8. Mickey Spillane (Author) 1918-2006
Mickey Spillane was an author of pulp fiction and crime novels. Probably best known for his character, Mike Hammer. He passed away in Murrell's Inlet, SC.
9. Robert Smalls (Sea Captain & Politician) 1939-1915
Robert didn't start life with a silver spoon in his mouth. He was a slave who broke free. He became a sea captain for a short time and then he was elected into the South Carolina House of Representatives. He served in the State Senate for a few years before moving on to the U.S. House of Representatives in 1874. Robert Smalls was born and died in Beaufort, SC.
10. Joseph Pulitzer (Publisher/Business Leader) 1847-1911
Joseph Pulitzer was an amazing journalist who set people's teeth on edge. He also bought and sold companies until he owned one of the biggest papers in New York. Mr. Pulitzer passed away in Charleston, SC.
11. Charles Pinckney (U.S. Governor, Diplomat, U.S. Representative, Writer) 1757–1824
Charles Pinckney served South Carolina in every way you could possibly think. He did lead a very full life in South Carolina government. He was born and died in Charleston, SC.

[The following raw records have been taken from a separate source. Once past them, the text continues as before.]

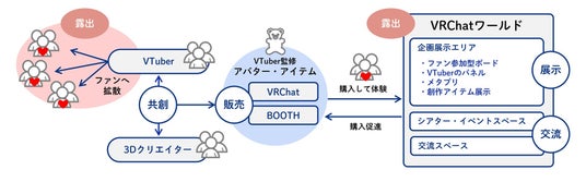 VTuberの「日ノ本マイ」「犬見るく」「まんさや」と、3Dクリエイターの「DEMITASS-KUN」「研究員ケミカル」「march-maru」「伊ノ本カズラ」「バーチャル餓狼ロロミ」が共創し、それぞれの個性や世界観を生かした3Dアイテムやアバターを制作します。これらのアイテムを「BOOTH」および「VRChat Avatar Marketplace」を通じて販売し、購入者は「VRChat」内で利用できます。DNPは、購買行動や利用実態を分析し、VTuberと3Dクリエイター双方にとって持続的な収益機会につながる可能性を検証します。
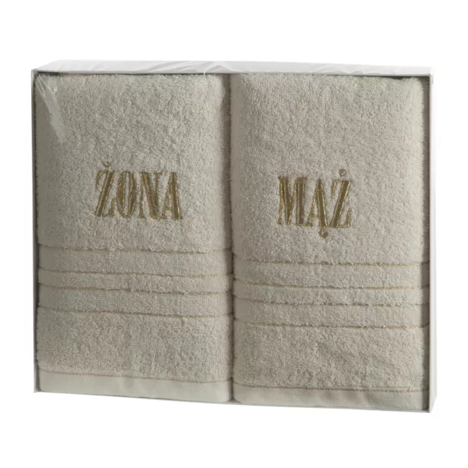 2. Ręcznik do rąk 30x50 cm bawełniany kolor jasnobeżowy w kontrastujące pasy 500 g/m2 DINA
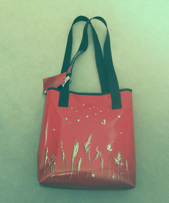 bag mod. MINI CITY Q - A (double handle + velcro closure), image of composition created with dried (natural colors) "SPIGHE IN FILA SU FONDO BORDEAUX" (comp. 064) |
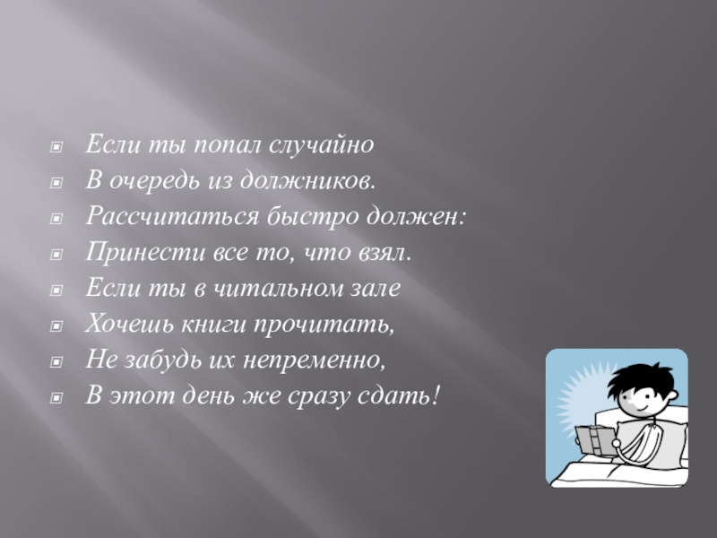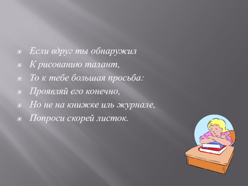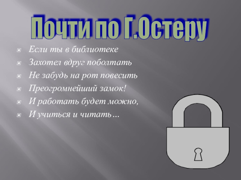 Это сайт презентаций, где можно хранить и обмениваться своими презентациями, докладами, проектами, шаблонами в формате PowerPoint с другими пользователями. Мы помогаем школьникам, студентам, учителям, преподавателям хранить и обмениваться учебными материалами.
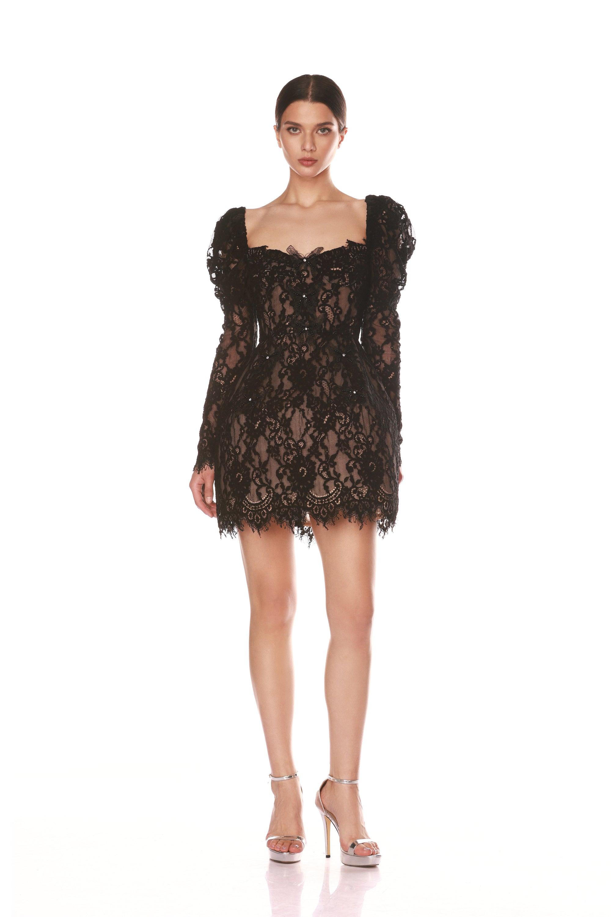 Embrace feminine grace in our Colette Noir Lace Long Sleeve Mini Dress.
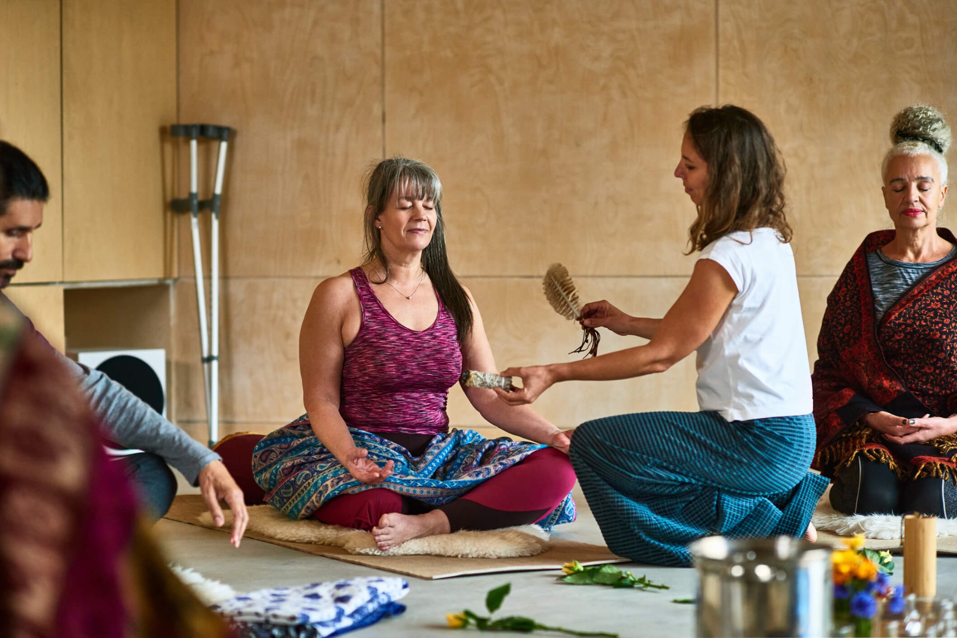 Når alle har delt, kommer de andre som bare ønsker å delta på lydbad for ro og avslapning.
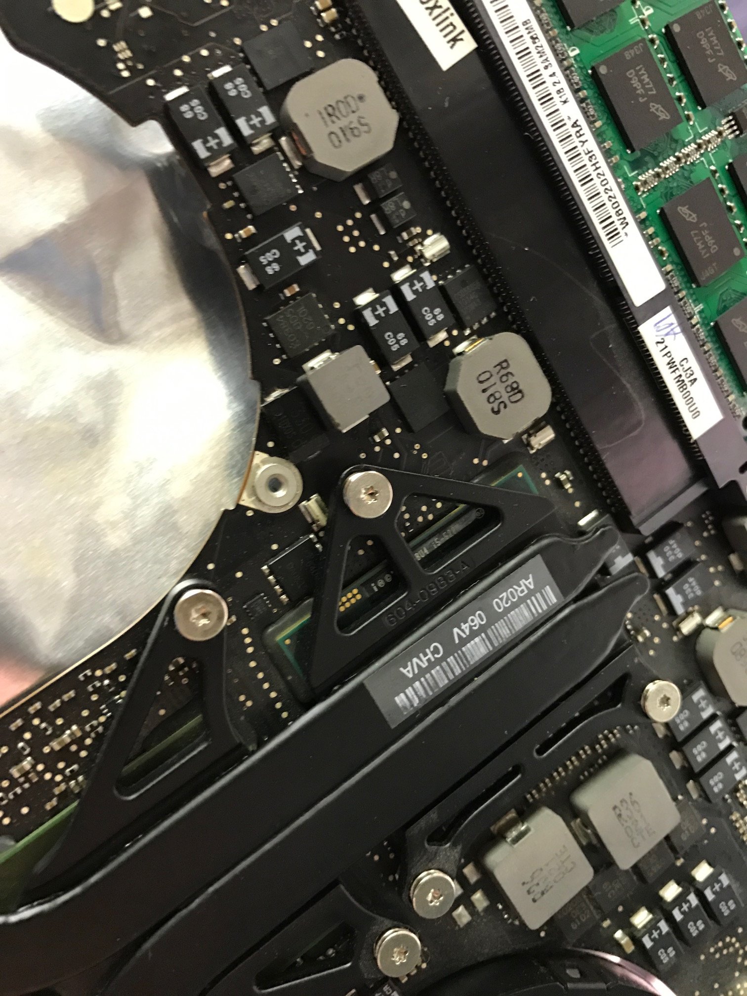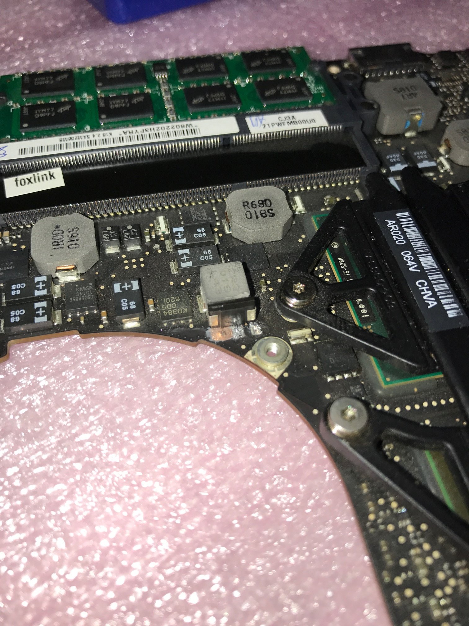 +"japasetelagoas" Reballing is constantly being recommended by the dumbest of our industry, with no brain. Make sure to go back to those places where idiots suggest that and credit me with calling them an idiot.Replace C9560 with anything but a tantalum kind. Apple made the same mistake they made with the 820-2610 and 820-2330 where they ran out of space on the motherboard for C7771 so they made it a tantalum one. This is not suitable for a rail that is always on, as C7771 is for an S5 rail - so it dies. Voltage fluctuates, and eventually the machine stops turning on. On the 820-2850, that same 330uf tantalum capacitor re-appears on the framebuffer power supply for the GPU and the VRAM. The reballers without brains are heating this capacitor when they heat the board to remove the chip, so what happens is that they think they fixed it when the capacitor works again post heating! But it dies again when the cap F's up again. The proper repair is to replace C9560 with a non-tantalum one, which won't fit! You will have to scrape the board's ground pad to make this fit. It is doable.

12. John Lindsay (Mayor & Lawyer) 1921-2000
John Lindsay was a force to be reckoned with in his formative years in New York. After retirement in 1999, he moved to Hilton Head, SC with his wife. Unfortunately, he passed December 19, 2000.

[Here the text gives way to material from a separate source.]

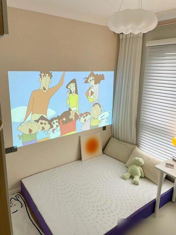 主臥、次臥、書房的設計更是“把錢花在刀刃上”:主臥沒吊頂只走石膏線,牀頭刷奶咖色乳膠漆,搭配綠色牀品和雲朵燈,溫馨得像裹了層棉花;懸空梳妝檯代替牀頭櫃,省出的空間能放瑜伽墊;次臥9平沒做全封閉衣櫃,留兩個空位展示,瞬間告別“小房間壓抑感”;書房的轉角書桌能兩個人一起辦公,牆上刷奶咖色當投影背景,累了躺牀墊上看電影——這纔是年輕人的生活啊,既要能賺錢工作,也要能躺平放鬆!
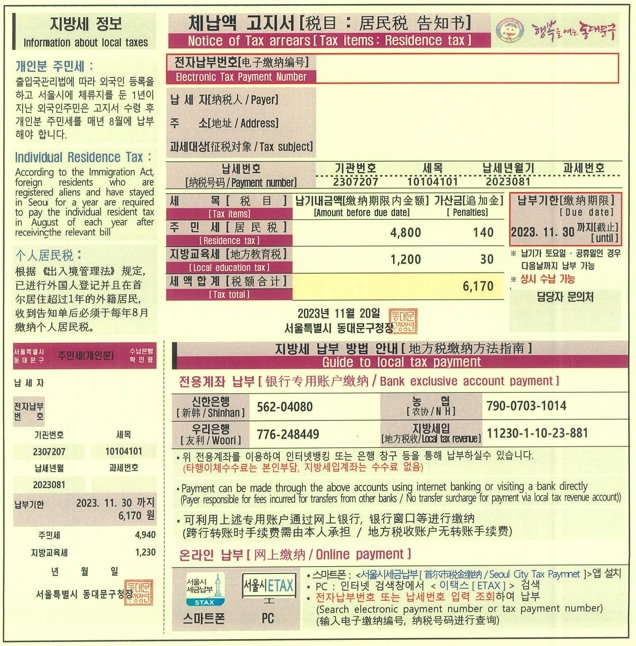 이에 동대문구는 한국어와 함께 영어·중국어를 병기한 체납 안내문을 제작했다. 안내문 앞면은 기존 체납고지서 형식을 유지하면서 주요 은행(신한·우리·농협) 전용계좌를 명시해 납부 편의를 높였다. 뒷면에는 체납 시 불이익 내용을 한국어·영어·중국어·베트남어 4개 언어로 안내해 외국인도 쉽게 이해할 수 있도록 했다.

13. James Dickey (Author, Poet, Literary Critic) 1923-1997
James Dickey served in the Korean War. When he was back in the States, he wrote poetry and won The National Book Award. However, you may know him better as the man who wrote the novel, Deliverance, which was later turned into a movie starring Burt Reynolds. James Dickey died in Columbia, SC.
14. Alonzo J. Ransier (Governor, Civil Rights Activist, U.S. Representative) 1834-1882
Alonzo Ransier was elected lieutenant governor of South Carolina in 1870 and was elected to Congress in 1872. He fought valiantly for civil rights however, he spent his later years as a laborer. He passed away in Charleston, SC, the city of his birth.